Party hope on justice ministry post
Wednesday, 10 February 2010
Alliance Party leader David Ford indicated that if further assurances were forthcoming, he would be in a position to recommend to colleagues - at a special party executive meeting - that one of their members should apply.
"If the progress that has been made in the last 48 hours continues it looks like we could have something positive and constructive to move on," he said.
The Alliance Party has so far declined to apply for the ministry, insisting that the ruling Democratic Unionist/Sinn Fein administration had not set out a comprehensive policy programme for the new department or done enough to tackle divisions in wider society.
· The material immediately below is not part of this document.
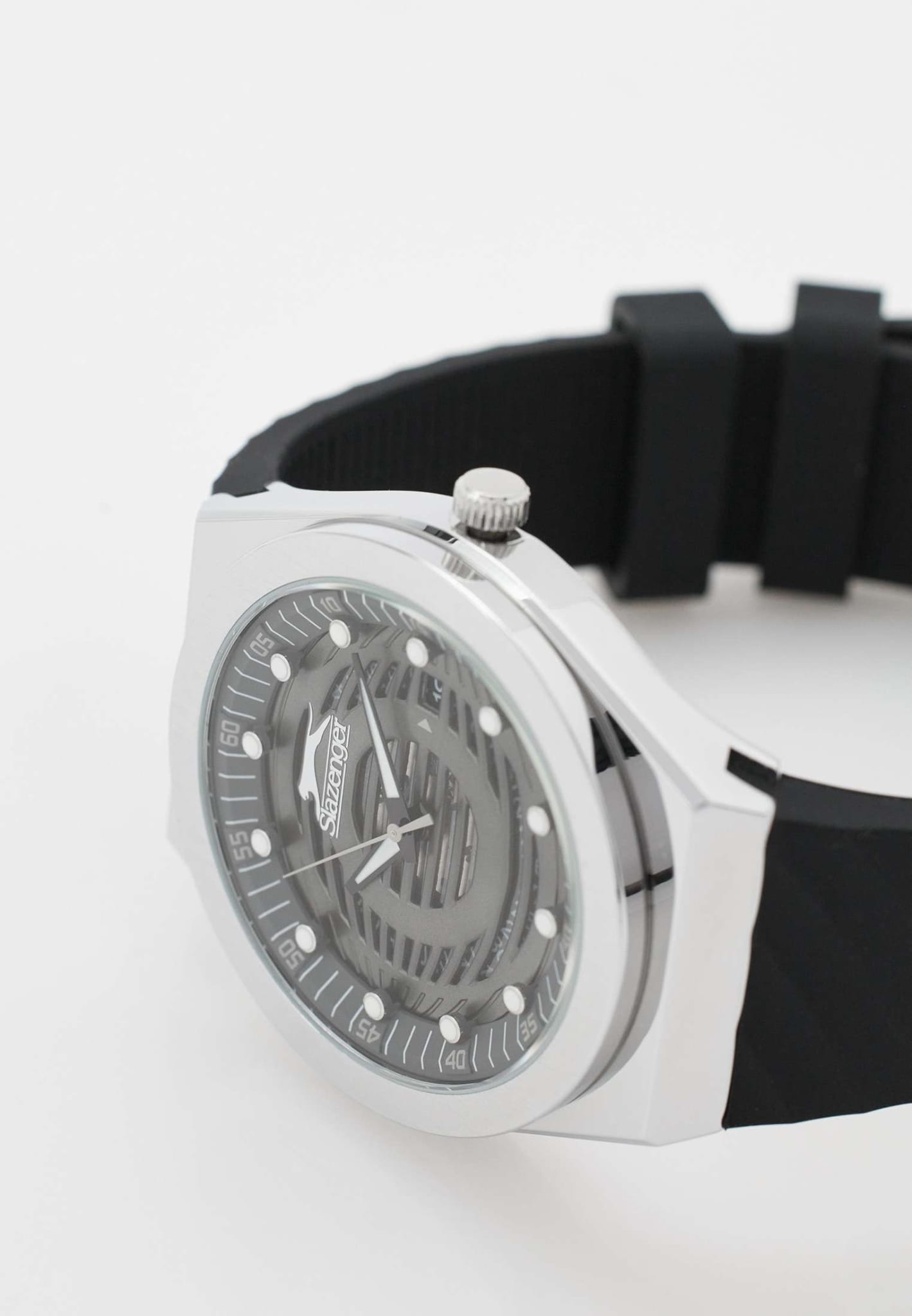 Стильные наручные часы Slazenger SL.09.2221.1.01 сочетают современный дизайн и надежность, идеально подходя для активного образа жизни. Корпус диаметром 44 мм изготовлен из прочного металла и дополнен устойчивым к царапинам минеральным стекломМинеральное стеклоМинеральное стекло представляет собой искусственно выращенный минерал кварца. Такое стекло отличается особой устойчивостью к повреждениям и царапинам. Уступает по некоторым качествам сапфировому стеклу.. Черный ремешок из мягкого силикона удобно сидит на запястье и фиксируется классической застежкой. Кварцевый механизм обеспечивает точность хода, а водозащита уровня WR 50 позволяет не беспокоиться о воздействии влаги в повседневных ситуациях. Модель оснащена функцией отображения даты в отдельном окошке. Стрелки снабжены люминесцентным покрытиемЛюминесцентное покрытиеПозволяет считывать показания времени в темноте. Производители наносят на стрелки, часовые индексы, безель или поверхность циферблата светонакопительный состав, дающий холодное свечение., что позволяет легко считывать время в темноте. Часы весят всего 82 грамма, что делает их легкими и комфортными для ежедневного ношения Эти часы станут отличным выбором для тех, кто ценит качество, практичность и современный стиль.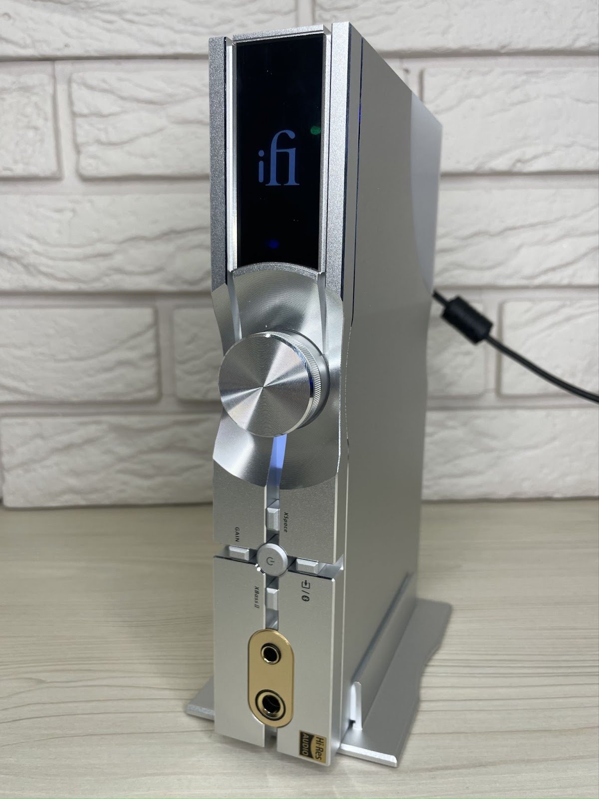 Designed for versatility, the iDSD 2 can be positioned either horizontally or vertically, adapting its 2-inch color display automatically to the orientation. Vertically, it conserves desk space effectively and, when linked to powered speakers through its robust balanced 19.5V output, it demonstrates formidable capability. The preference for analog volume control enhances its superiority over digital alternatives.

With the region's two largest parties having agreed not to nominate from within their own ranks, Mr Ford is considered to be their preferred incumbent.
But only days after the landmark Hillsborough agreement on law and order devolution he threw a spanner in the works when he did not lodge an application at a meeting of all the main party leaders to consider who would be Northern Ireland's first justice minister in 38 years.
As well as having concerns about policy issues within the new department, Mr Ford and his party are also unhappy that DUP First Minister Peter Robinson and Sinn Fein Deputy First Minister Martin McGuinness have still not published a long delayed strategy to promote integration in the region.
After holding further talks with the leaders, Mr Ford struck a more positive note.
"There has been a fairly reasonable indication of progress on the shared future agenda and some of the policy matters facing the new justice department," he said.
"The trend is in the right direction but we are not there yet. There has been positive and constructive engagement and some signs of movement."